さよなら、ワンダーランド

〔9〕帰還

 DINER666に入店(ログイン)する。
 俺の隣にはミツキもおり、安堵の吐息が漏れた。
 横のテーブル席では、コンパスがジーナを相手に積み上げたブロックを崩さないように抜いていくバランスゲームに興じていた。
 俺たちの帰還に気づいたコンパスが相好を崩した。
「おう! 無事に戻ってきたか!」
 兎羽野が「ああ」と頷き返した。
「好きな酒でもドリンクでも頼んでくれ。
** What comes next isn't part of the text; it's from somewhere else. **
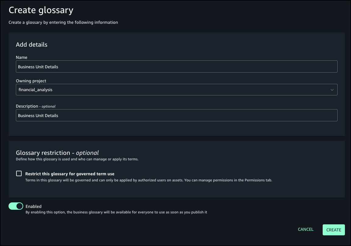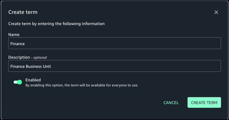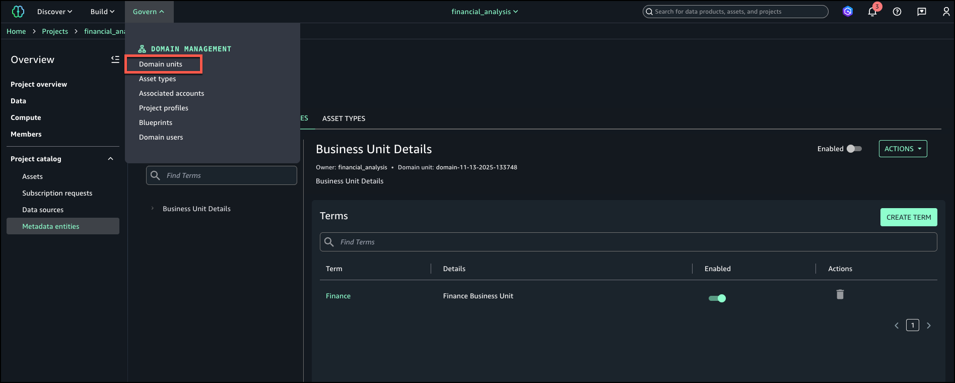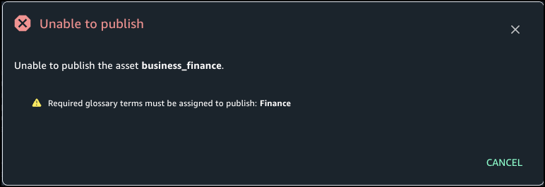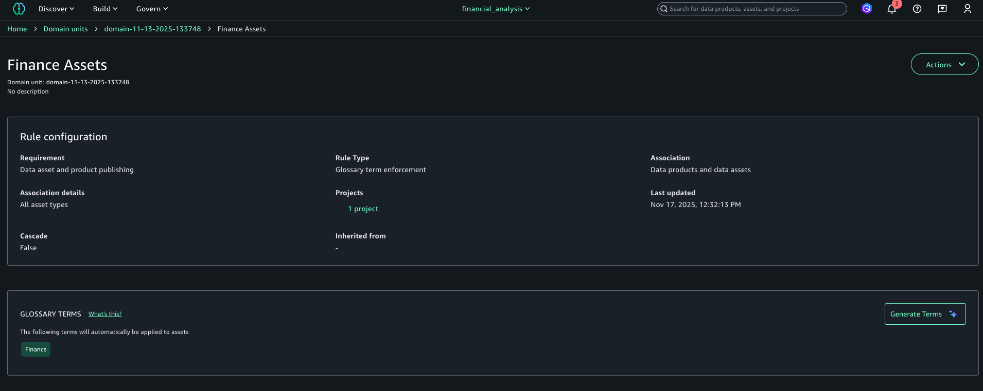 For this submit, we discover a monetary companies use case. Our instance a monetary companies firm defines a rule requiring all datasets revealed from the venture to have ‘Finance’ glossary related:

お礼に奢るよ」
 兎羽野の言葉にコンパスが「じゃあ、お言葉に甘えて」とジーナとカウンターへと向かった。
 安心した俺はソファーの背もたれに寄りかかった。
「疲れただろう」
 俺の様子に兎羽野が微かに笑み、俺は「ああ、無事に戻れてよかったよ」としみじみと呟く。
「ハヤト。助けてくれて、ありがとう」
 ミツキがそっと俺の腕に触れ、「当たり前のことをしただけだ」と頷き返した。
「兎羽野さんも、ほんとうにありがとうございました」
 兎羽野も「ミツキ君が無事でよかった」と微笑する。
「これ以上、ボディとスピリットに負荷をかけるのはよくないから、一度、リアルに戻るか」
 兎羽野に言われ、俺はミツキを見やる。
「僕は、ハヤトのモバイルフォンにアクセスするよ」
「リアルに戻ったら、すぐに確認する」
 ミツキが「うん」と手を振り、俺と兎羽野はDINER666から退店(ログアウト)した。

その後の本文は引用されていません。